While petrol and diesel prices did not change during the period of rising raw material (crude oil) prices in April through June, this resulted in marketing losses that offset healthy refining margins, according to a report from ICICI Securities.
90% of the nation's retail sales of petrol and diesel are under the jurisdiction of the three state-owned oil marketing corporations, IOC, BPCL, and HPCL. Additionally, they are owners of refineries that transform crude oil into petrol and diesel.
While the profits from processing petroleum into fuel have been substantial, the marketing division has suffered from stable petrol and diesel prices. According to ICICI Securities, the businesses are losing ₹12–14 per litre on petrol and diesel, entirely cancelling out the good refining results for the quarter.
"We estimate gross refining margins (GRMs) to remain fairly strong at USD 17-18 per barrel levels (factoring in inventory loss of USD 0.1-0.2 a barrel) and marketing volume growth of 17-20 per cent, thanks to continued recovery in prospects and a weaker base," the brokerage said.
Yet, the sharply higher retail losses in petrol and diesel will "drive an EBITDA loss of ₹6,600 crore and a net loss of ₹10,700 crore for the OMCs in Q1FY23E (April-June quarter of 2022-23 fiscal)," it said.
Moving forward, there will be some relief for the marketing losses due to the fall in crude that was observed over the past two to three days and the subsequent decline in key product spreads.
"However, the delta from GRMs will also reduce, which limits earnings triggers for FY23E (April 2022 to March 2023)," it said.
For Reliance Industries , the brokerage saw an operationally and financially strong quarter. It projected the highest-ever consolidated EBITDA/PAT of Rs. 38,900 crore/Rs. 24,400 crore (a 67% year-over-year increase in EBITDA and a 77% increase in profit after tax, or PAT).

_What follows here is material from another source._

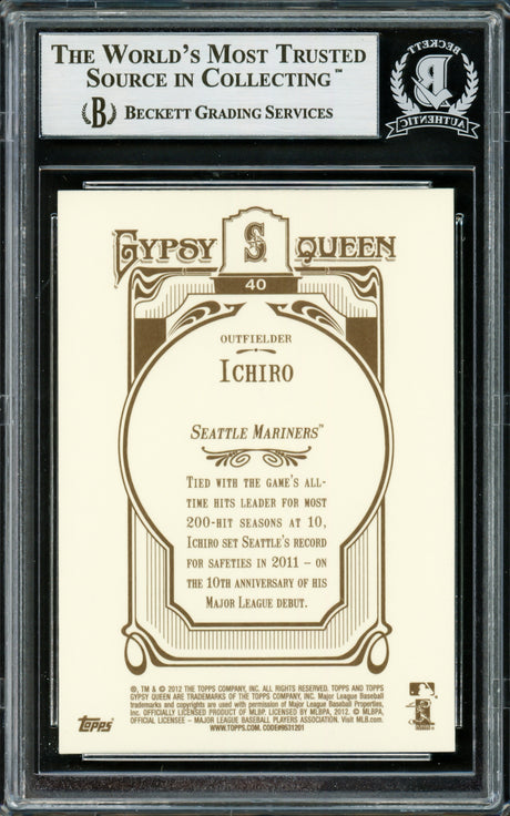 Ichiro Suzuki Autographed 2012 Topps Gypsy Queen Card #40 Seattle Mariners Beckett BAS Stock #220277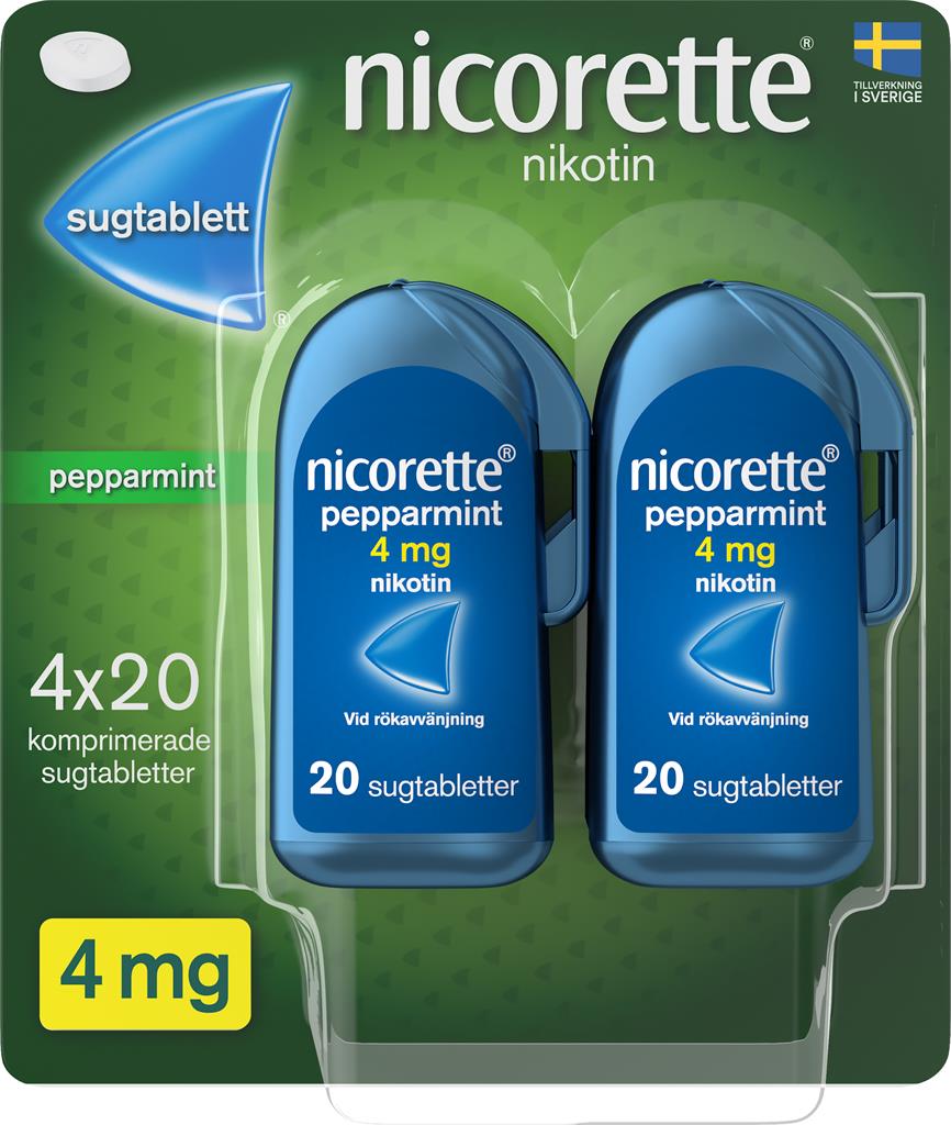 Nicorette Pepparmint 4 mg sugtabletter är lämpliga för rökare med ett högt nikotinberoende, till exempel de som röker dagens första cigarett inom 30 minuter efter uppvaknandet eller röker mer än 20 cigaretter om dagen. Detta läkemedel kan hjälpa dig att sluta röka tvärt eller att trappa ned på rökningen innan du slutar helt. Läs alltid bipacksedeln noga eller gå in på fass.se för mer information.

"These all-time highs would come on the back of a massive 80 per cent growth in oil-to-chemical segment EBITDA, sharply higher (up 100 per cent) retail EBITDA, and EBITDA growth of 26 per cent for Reliance-Jio," it said adding prospects for the next nine months would be impacted by the estimated USD 8 per barrel hit from the higher duties on fuel exports imposed with effect from July 1, 2022.